ERDOGAN EN APUROS

Por HERMANN TERTSCH
ABC Sábado, 28.12.13

Nadie quiere inestabilidad política en un aliado de la OTAN, vecino de Siria e Irán. Pero los momentos de inestabilidad no se eligen


El Ejército está muy desactivado,  pero aún existe. Y también están los «gulenistas»

Un golpe de la Policía contra miembros de la propia elite gobernante puede ser una prueba del buen funcionamiento de un Estado en la lucha contra la corrupción. Como mensaje claro de que todo ciudadano, por alta e influyente que sea su posición o cargo, está sometido al dictado de la ley. También puede ser un caso de lucha por el poder en la cúpula de un Estado. Se vio hace poco en Corea del Norte.

En el caso que sacude estos días los cimientos del poder en Turquía todo sucede a un tiempo. Una parte del aparato del Estado se ha atrevido a atacar a la cúpula del poder político bajo el primer ministro Recep Tayyip Erdogan. Las protestas en Estambul por la especulación urbanística hace un año fue el primer movimiento contra un Erdogan que gobierna desde 2003 y ha sido todopoderoso e incuestionable. Son ya muchos los turcos que creen llegado el momento de frenar a un Erdogan erigido en caudillo de un país cada vez menos libre. Erdogan ha llegado a creer, dicen, que como Kemal Ataturk, él seria identificado con la patria y moriría en el poder. No será así. Quienes han decidido pasar a la acción con la operación policial del día 17 de diciembre que desencadenó toda la crisis sabían que declaraban la guerra a Erdogan y su gente.

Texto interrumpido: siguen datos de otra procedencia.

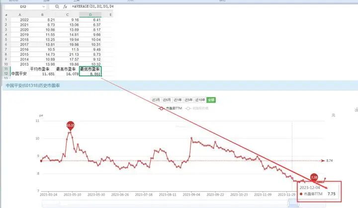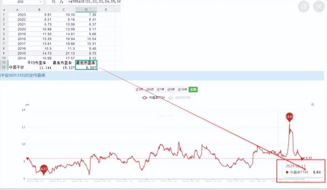 我们来看用同样方法对保险用PE估值的例子
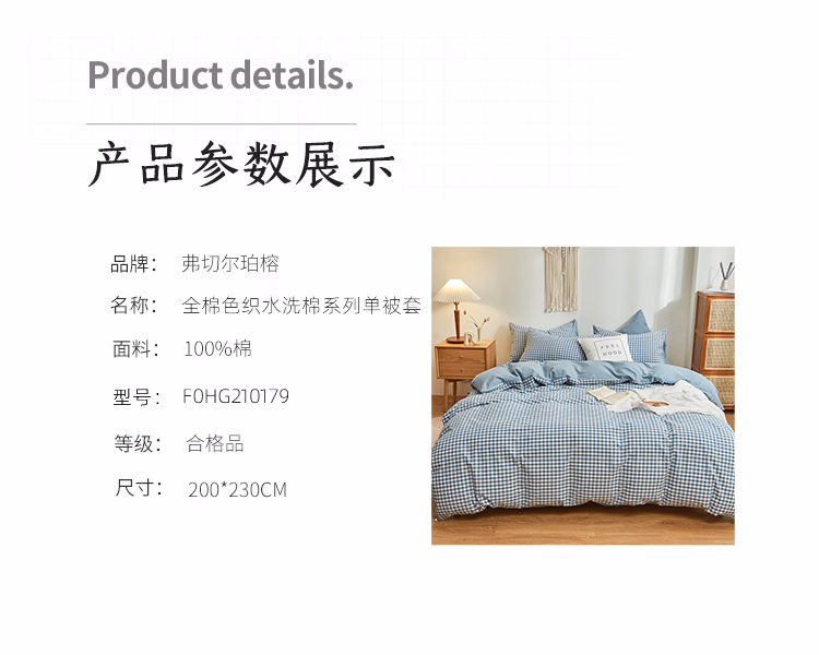 弗切尔珀榕 F0HG210179 /200*230cm简约舒适全棉色织水洗 被套 1.00 件/条 (计价单位:条) 蓝鲤
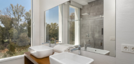 De begane grond heeft ook twee gastenslaapkamers met eigen badkamer en een gastentoilet. Er is een extra gastenslaapkamer met badkamer ensuite en daglicht op de benedenverdieping. Tot de voorzieningen behoren een fitnessruimte en spa, met sauna en gekoeld ijsbad, evenals een aparte wijnkelder. Er is een grote garage met ruimte voor minstens twee of drie auto’s. Het pand is op het zuiden georiënteerd en heeft hoge plafonds en veel natuurlijk licht in het hele huis, evenals een zeer goede mate van privacy. Bezichtigingen worden aanbevolen.

El ataque se ha realizado por un frente débil del AKP y muy obvio desde hace años: la rampante corrupción del entorno del Gobierno. A los hijos de los tres ministros que fueron los primeros en dimitir les intervinieron en sus casas dinero en efectivo suficiente para empapelar muchas de las urbanizaciones que promueven y construyen gracias al tráfico de influencias, abuso de poder, cohecho y una decena de delitos más de los que ahora deberán responder. El tercer ministro en dimitir en horas, el de infraestructuras, pidió a Erdogan que hiciera lo mismo. Éste no le ha hecho caso, obviamente. Pero sí ha tenido que sustituir a 10 de sus 25 ministros en un desesperado intento de lavado de cara gubernamental que no parece haberle funcionado.
Las manifestaciones continúan. Y la dimisión ayer de tres diputados del AKP revela que también en su partido se le pierde el miedo al primer ministro. Ya no son solo la juventud de Estambul y Ankara, las elites urbanas laicas y los kemalistas de izquierdas o derechas los que ven en el AKP, pero especialmente en Erdogan, la amenaza para la democracia, pero también para sus esfuerzos de no perder sus vínculos europeos y occidentales.


El Ejército turco, otrora todopoderoso guardián de las esencias laicas de Kemal Ataturk, está muy desactivado gracias a la persecución de sus generales y oficiales acusados de golpismo por Erdogan. Pero existe. Y también están los «gulenistas», seguidores de Fethula Gulen, un predicador en el exilio, ex aliado del AKP. Son muchos los enemigos de Erdogan y algunos han pasado a la ofensiva. Los síntomas de debilidad económica ayudan. Todo ello en un momento en el que nadie quiere inestabilidad política en un aliado de la OTAN, vecino de Iran y Siria. Pero los momentos de inestabilidad no se eligen.